Archive | 4:15 pm

I don’t know what to do

30 Dec

It’s not easy. It’s all complicated. It’s hard how you just wanted to be with one person who you think probably doesn’t feel the same way about you. I want to ask the Lord why is this happening to me. I asked for a simple thing. I only asked to be with one person, even if I’ll just be his friend. It may be too much, but I’ve waited for more than half a year just to be able to finally go on a date with him, which will be on the first week of January.

The problem lies when I met another guy, also Korean but older than the apple of my eye. At first, I met him as my ex’s friend. But it’s not a problem because I met the guy many many months after the break up. Apparently, the guy shows his interest in me. Being the friendly person I am, I gave my number and we exchanged messages. Unintentionally and subtly, I agreed on a date. When he asked me if I have a boyfriend, I told him that I don’t. He didn’t believe me (just like everyone when they meet me at the first time). I explained to him why I don’t have one yet and he said he could be that guy.

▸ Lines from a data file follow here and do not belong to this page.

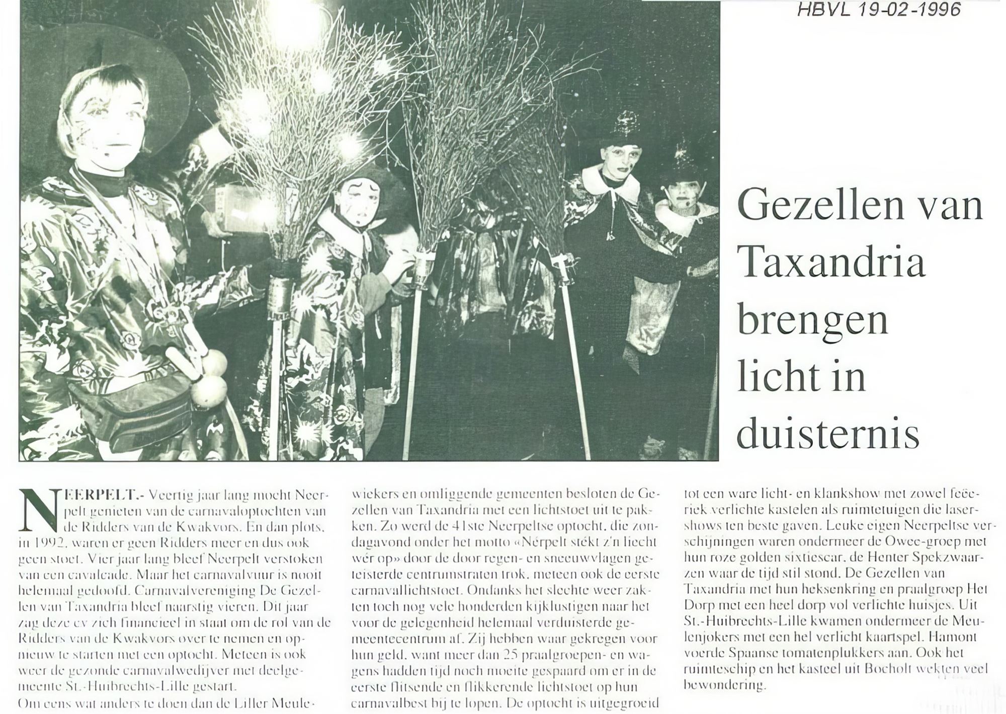 Toch betekende dat geen definitief einde van het Neerpelts carnaval. In 1996 namen de Gezellen van Taxandria het voortouw met een nieuw concept: de lichtstoet. Die bleek meteen een schot in de roos. Wat startte als een frisse herneming, groeide uit tot een vaste waarde die vandaag al aan zijn 31ste jaargang toe is.
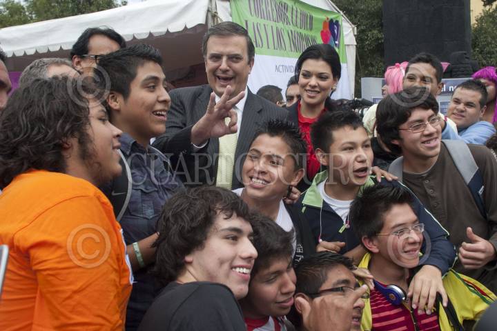 MÉXICO, D.F., 14FEBRERO2012.- Marcelo Ebrard Casaubón, jefe de Gobierno local, y su esposa Rosalinda Bueso, se tomaron la foto con algunos jóvenes durante la feria del Amor y la Amistad que se realizó en el Monumento de la Revolución. FOTO: ISAAC ESQUIVEL/CUARTOSCURO.COM
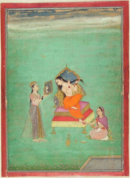 Curator: This is "Jyestha, the Month of Heat," attributed to Ustad Murad. It's a page from a Baramasa manuscript, part of a series depicting the twelve months. Editor: It has a charming, almost dreamlike quality. The pastel hues and delicate rendering evoke a feeling of serene warmth. Curator: Indeed, the composition utilizes a divided space, contrasting the interior scene of the pavilion with the external landscape featuring an elephant. Consider its symbolic value within the Mughal court, where elephants were powerful symbols of royalty. Editor: Right, and the architectural details themselves—the cusped arches, the chhatri domes—speak to Mughal aesthetics and the blending of Persian and Indian traditions. The visual weight in the upper register balances the lower one—almost perfectly symmetrical. Curator: That symmetry may reflect the balance of courtly life, juxtaposing leisure with the responsibilities of power, and the influence of the emperor on both. Editor: It’s a fascinating interplay of elements, revealing much about Mughal culture through its visual language.
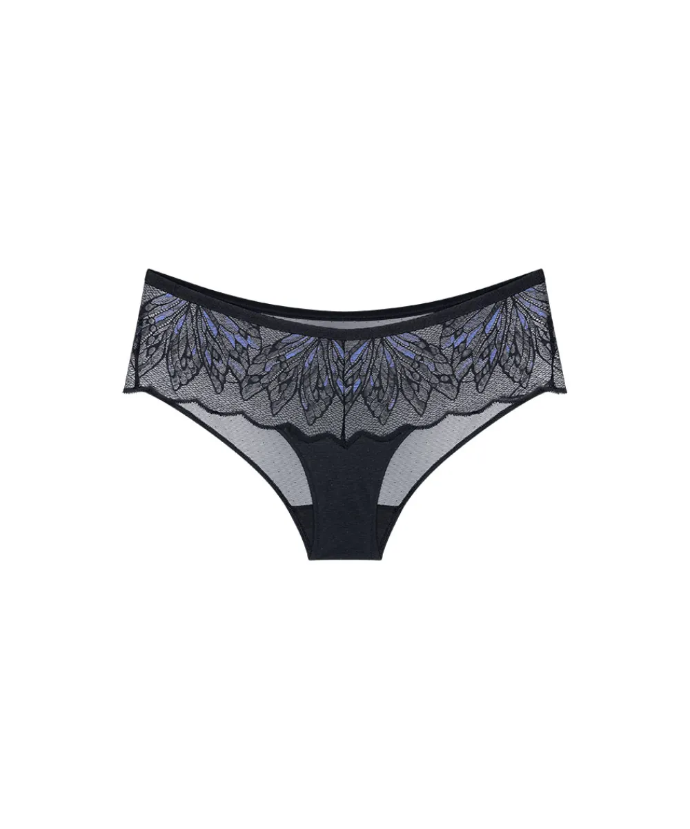 Skøn hipstertrusse fra Triumph i all-over blonde på fronten og blød mesh bagpå. Hipstertrussen giver en tydelig, feminin silhuet og et naturligt, smart look. Trussemodellerne hipster og shorts har en vandret benudskæring. Hipstertrussen går lidt op på balden og tegner et vandret snit mens shortsene dækker hele balden. Materiale: 75% polyamid, 25% elastan
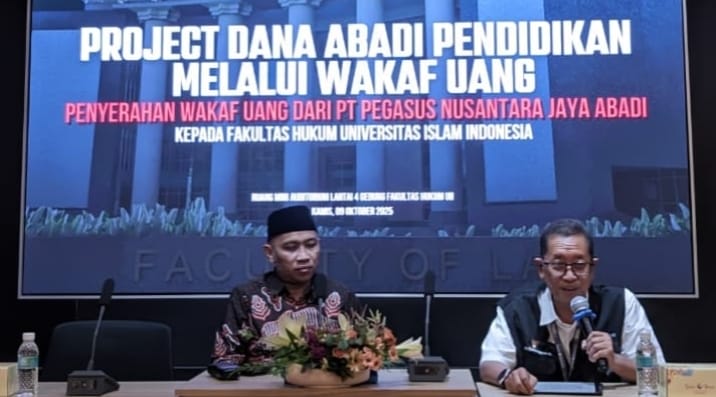 beritabernas.com – FH UII menerima wakaf uang sebesar Rp15 Juta dari PT Pegasus Nusantara Jaya Abadi untuk Dana Abadi Pendidikan, Kamis 9 Oktober 2025. Penyerahan uang wakaf tersebut dilakukan di di Ruang Mini Auditorium Lantai 4 FH UII.
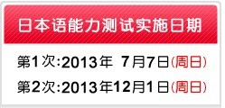 日本語能力測試將每年舉辦兩次,分別于7月和12月的第一個星期日實施。由日本得知2013年日本語能力測試(JLPT)考試時間為:2013年7月7日;2013年12月1日。 若有變動,另行通知,具體時間以教育部考試中心發(fā)布的公告為準(zhǔn)。
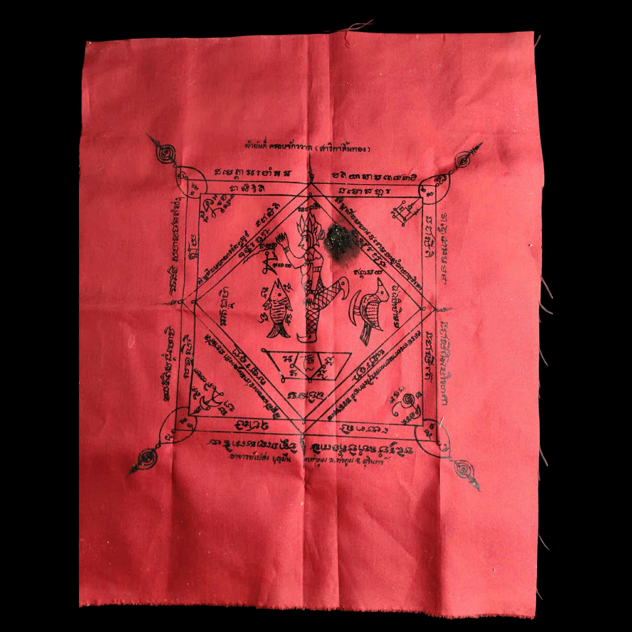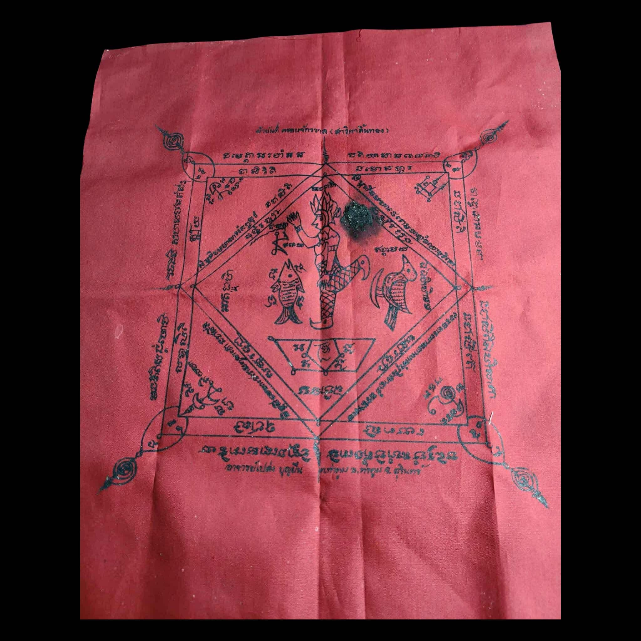 Matériau : Yantra en tissu imprégné de pâte d'herbes sacrées et de poudre de Prai du rituel BE 2543.
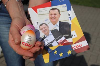 Start war am Gründonnerstag vor dem K&K Markt in Südkirchen. Dort verteilten CDU Mitglieder gefärbte Ostereier und wünschten den vorbeikommenden Bürgerinnen und Bürgern ein Frohes Osterfest 2019.
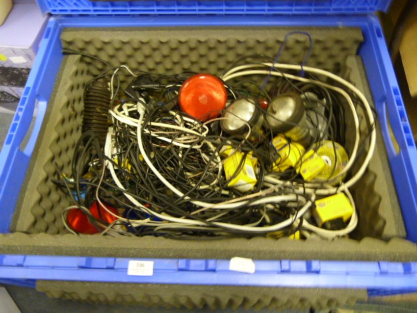 Large Storage Pots Containing Cables, Speaker Wires, Coloured Light Bulbs, etc.
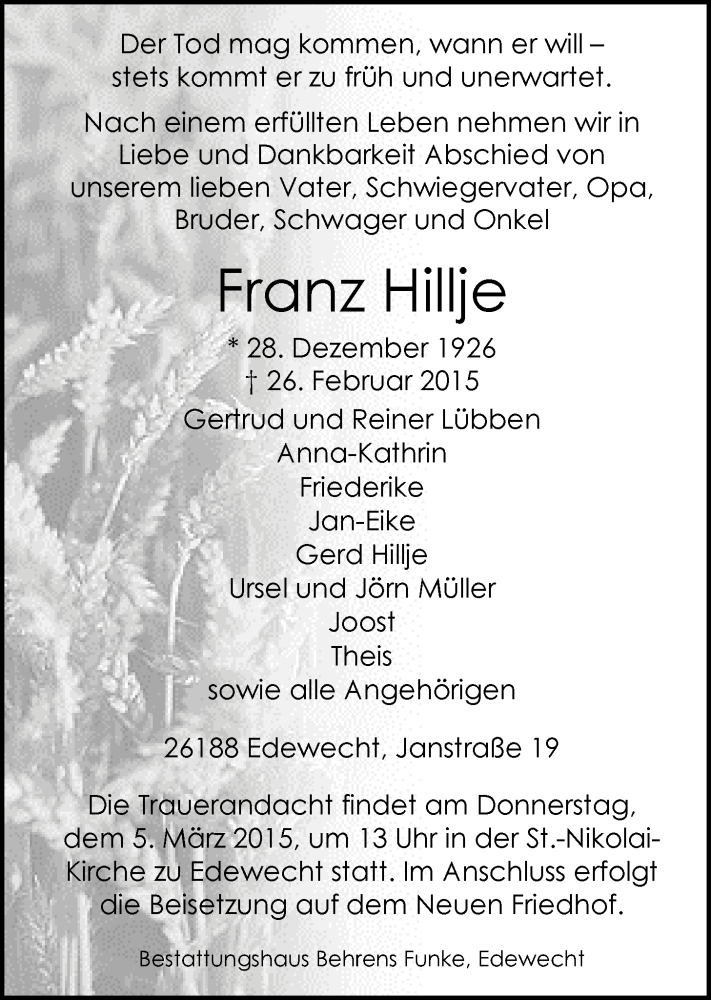 Hier finden Sie alle Traueranzeigen aus der Zeitung, die bisher für Franz Hillje erschienen sind. Weitere Traueranzeigen, die in der Zeitung erscheinen, werden hier ebenfalls aufgelistet
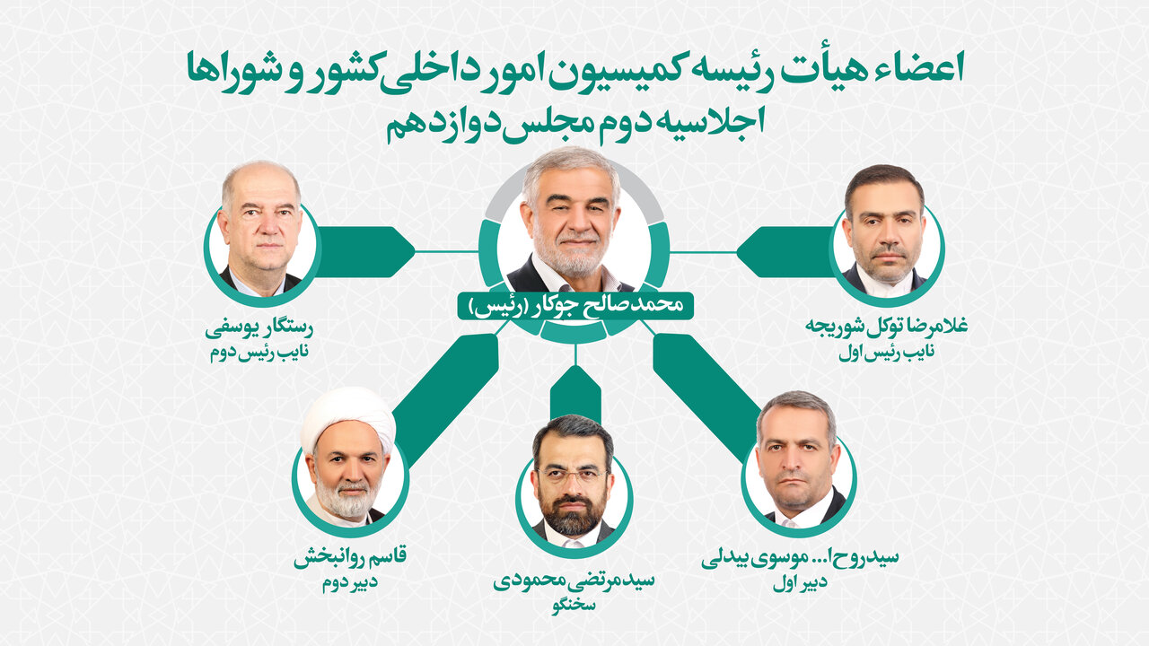 همچنین با رأی اعضای کمیسیون «سید مرتضی محمودی» نماینده مردم نماینده تهران، ری، شمیرانات، اسلامشهر و پردیس به عنوان سخنگو و «سید روح الله موسوی بیدلی» و « قاسم روانبخش» نماینده های مردم لردگان و خانمیرزا و قم به عنوان دبیران اول و دوم کمیسیون امور داخلی کشور و شوراهای مجلس شورای اسلامی برای اجلاسیه دوم انتخاب شدند.
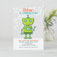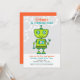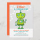 Green robot birthday invitations. Colours include green, orange, blue and grey.
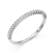 An essential piece featuring a continuous row of brilliant-cut diamonds across the top half of the band this slim ring is functionally perfect for stacking with an engagement ring or wearing as a simple, elegant wedding band.

It just couldn’t be. My heart is towards someone that isn’t him. I feel sorry for him that he has to like someone like me, who is also just looking from afar at another guy who is of his same nationality and younger. I don’t know how to handle things where I make him feel that I just see him as a friend.

Growing up and still in an all girls school plus the fact that I have two sisters made me realize how I lack experiences in interacting with the opposite sex. Most of the guys I interact with are if not my relatives, guys who I’m interested in. This is the first time a guy is interested in me and I only see him as a friend. I don’t know how to handle situations like this.

My trainer even joked that that guy and his friends stalk me the way I stalk my star. It’s  a cycle. The stalker has stalkers.

All I know is that I miss the guy I like. I haven’t seen him for two weeks. Oh well. If I have survived not seeing him for three to four months, I could survive for a few weeks.

Oh, did I mention that the guy interested in me is the friend of my ex? Yeah. Just awkward to the highest level.